Remark (which is missing in the book): In sub-exercise 3 one may assume that the space \(R\) is large enough to hold all the \(|i\rangle\) even if the purification does not need that many dimensions (two ensembles always have at least \(r\) (rank) members but might have more, see also Theorem 2.6).
This was essentially shown in the book right before Exercise 2.79! In the book it was implicitly assumed that the \(|\psi\rangle\) are orthonormal (by using the Schmidt-Decomposition of \(\rho\)). But the proof did not use this fact. QED.
Recall that:
\[ \,|AR\rangle = \sum_i \sqrt{p_i} |\psi_i\rangle |i\rangle . \]
The measurement of \(i\) as viewed from the whole system AR is represented by \(I\otimes|i\rangle\langle i|\) (see Box 2.6). Hence the probability to measure \(i\) is:
\[ p(i) = \langle AR|I\otimes|i\rangle\langle i| AR\rangle = p_i . \]

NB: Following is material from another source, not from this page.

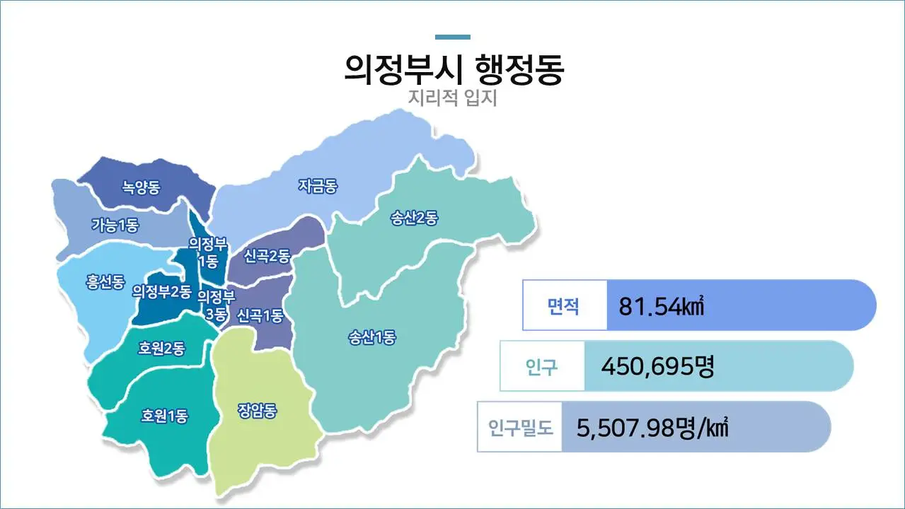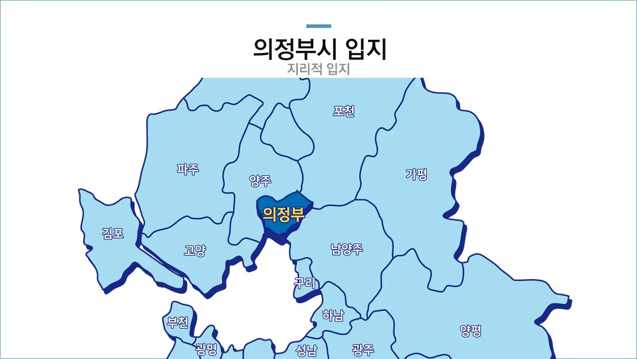 가장 먼저 지리적 입지를 살펴보겠습니다. 의정부시는 서울 북부권에 위치한 지역으로, 제 2외곽선의 연결라인에 들어가는 입지입니다. 때문에 관심있게 살펴볼 필요가 있는데요. 고양시 등 인근 지역에 비해 절반이 채 되지 않는 면적이지만, 인프라가 부족하지 않고 주거지로서의 기반시설들이 잘 갖춰져 있습니다.

The post-measurement state is:
\[ \frac{1}{p(i)} I\otimes|i\rangle\langle i| AR\rangle = |\psi\rangle|i\rangle . \]
Restricted to A this is corresponds to \(|\psi\rangle\) (note that this does not directly follow from Postulate 4 but it is easy to show that product state behave nice under decomposition into the corresponding subsystems). QED.
Although it is not asked for, here is the state of R expressed as a density matrix (before measurement):
\[ \rho^R = \ptrace{A}{|AR\rangle\langle AR|} = \sum_{ij} \sqrt{p_i p_j} \langle\psi_i|\psi_j\rangle |i\rangle\langle i| . \]
It is nice to verify that the after measurement results restricted to R are consistent with the above:
\[ p(i) = p_i = \trace{|i\rangle\langle i| \rho^R} , \]
and
\[ \, |i\rangle = \frac{1}{p_i} |i\rangle\langle i| \rho^R |i\rangle\langle i| . \]
Unfortunately there is a notation clash here. Let us rename the orthonormal set used in part 1 to \((|i_0\rangle)\) and the corresponding purified vector to \(|AR_0\rangle\). By exercise 2.81 (freedom of purifications) there is a unitary operator \(U_R\) such that:
\[ |AR\rangle = I\otimes U_R \; |AR_0\rangle \]
Hence we may use the basis \((|i\rangle=U_R|i_0\rangle)\) to achieve the desired goal.
But note a subtle issue here: A priori \(U_R\) is not necessarily defined on each individual \(|i_0\rangle\). The reason is, that each density operator has ensembles with arbitrary many states (of course they are all linearly dependent to some \(r\) dimensional set due to Theorem 2.6). This implies that R0 can be arbitrary large if one takes the construction in sub-exercise 1. On the other hand one can just "add some dimensions" to R if necessary and extend \(U_R\) unitarily. QED.